(2) (Make a triangle congruent with DGC as an auxiliary line by rotating) Take BC as one side, and make an angle BCM outside the rhombus, so that the angle BCM= angle DCG, CM exceeds GB and extends to point M. ..
Angle DGC= 180 degrees-Angle GDC- Angle DCG= 180 degrees -( 120 degrees-Angle ADE)- Angle DCG=60 degrees+Angle ADE- Angle DCG.
Angle CMB= Angle GBC- Angle BCM=60 degrees+Angle DBF- Angle BCM.
By (1), angle ADE= angle DBF, and by, angle BCM= angle DCG.
So triangle CBM equals triangle CDG, then angle GCM= angle DCB=60 degrees, and triangle CGM is an equilateral triangle, then the area of quadrilateral CBGD = triangle CGM= three times the square of the side length (i.e.
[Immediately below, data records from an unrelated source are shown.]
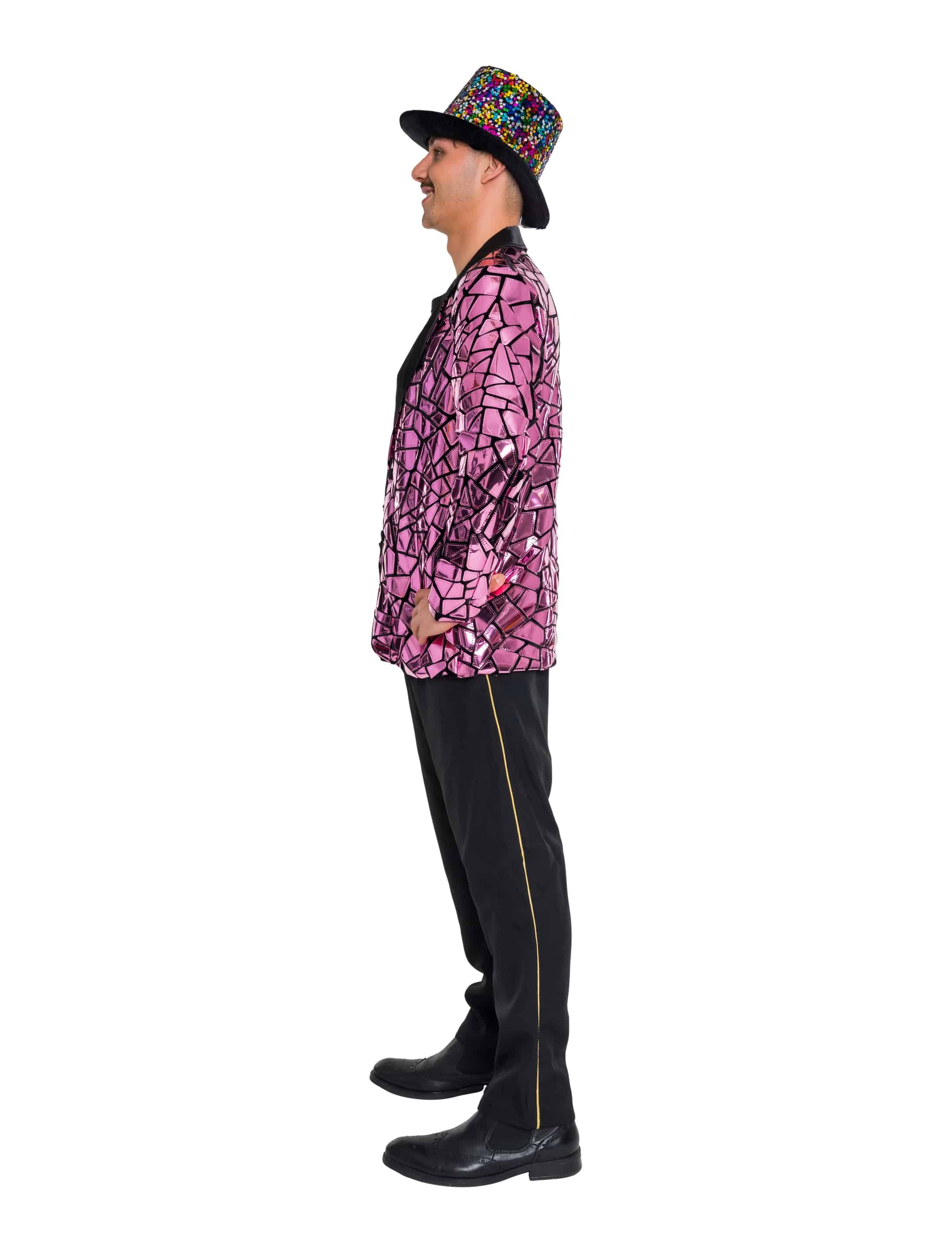 Glänzend, extravagant und absolut bühnenreif! Unser Blazer ist in mehreren Farben erhältlich und lässt sich vorne mit zwei Knöpfen schließen. Die Passform ist klassisch gehalten, das Design aber alles andere als zurückhaltend: Von oben bis unten ist der Blazer mit einer metallisch schimmernden Spiegelmosaik-Optik überzogen, die bei jeder Bewegung spektakulär das Licht reflektiert. Ob für Showauftritte, Karneval oder Festivals – mit diesem Blazer bist du perfekt ausgestattet. Ein echtes Highlight für alle, die sich gerne auffällig und stilvoll in Szene setzen!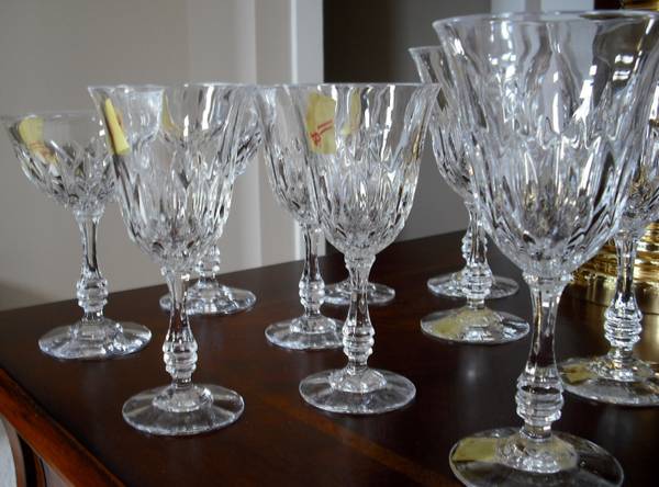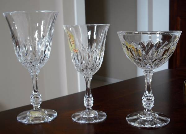4 water goblets, 4 wine glasses, and 2 sherbet / champagne.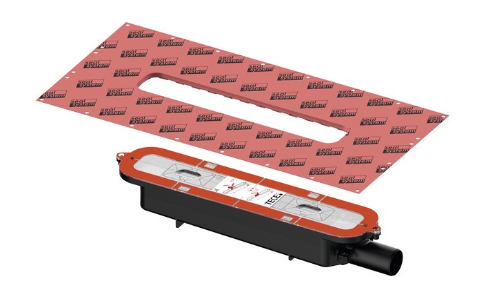 Сифон для душевого профиля TECEdrainprofile для установки в бетонной стяжке. Для горизонтального подсоединения канализационной трубы DN 40. Установленная на заводе гидроизоляционная манжета SealSystem с защелкой для монтажа в композитной гидроизоляции в соответствии с DIN 18534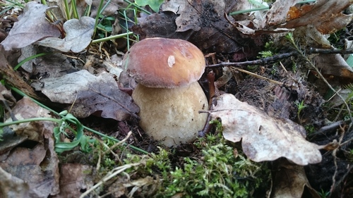 An einer steilen kargen Böschung stand dann doch ein kleinerer Steinpilz. Daraufhin bin ich doch nochmal in den Wald zurück, und siehe da, ich fand noch drei Prachtkerle. Ich habe sie dann in meinem Sport T-Shirt eingewickelt, da ich ja weder Korb noch Messer dabei hatte.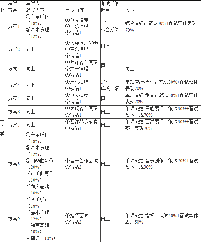 音樂(lè)學(xué)專業(yè)考試根據(jù)考試科目不同,共有9種方案。每種考試方案均包含筆試和面試。考生從9種方案中選擇一種進(jìn)行考試。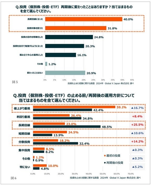 投資を止める前後での違いでは、投資再開後は4割が「長期目線になった」と回答し、約3割 が「投資対象を変えた」と回答しました。(図5)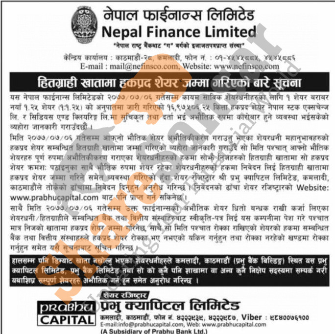 Nepal Finance Limited has distributed 1:1.25 ratio right shares directly to DEMAT accounts of its shareholders and urged to dematerialize their shares.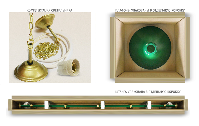 Укомплектованы цельной металлической штангой с полимерным покрытием. Штанга изготовлена из цельной трубы, что исключает искривление конструкции. Применение керамических патронов (Е27) увеличивает срок эксплуатации светильника. Металлические плафоны крепятся с помощью зажимных пластин. Длина подвесной цепи 100 см — оптимальное расстояние для расположения источника света над игровым полем стола. В комплект включены две потолочные чашки диаметром 10 см. Штанга и плафоны поставляются в отдельных упаковках.

CG). The conclusion is valid.
(3) The intersection point E makes the parallel DA of EN intersect FB at point N. From AF: FD = 2: 1, we can easily get EB: AE = 2: 1 = BN: FN, so BN=2FN, and the triangle BNE is similar to the triangle BFA. When EN: AF = 2: 3, then EN: DF.
Because triangle GEN is similar to triangle GDF, NG: FG = EN: DF = 4: 3, so FG=(3/7)FN, NG=(4/7)FN, and the conclusion is valid through calculation.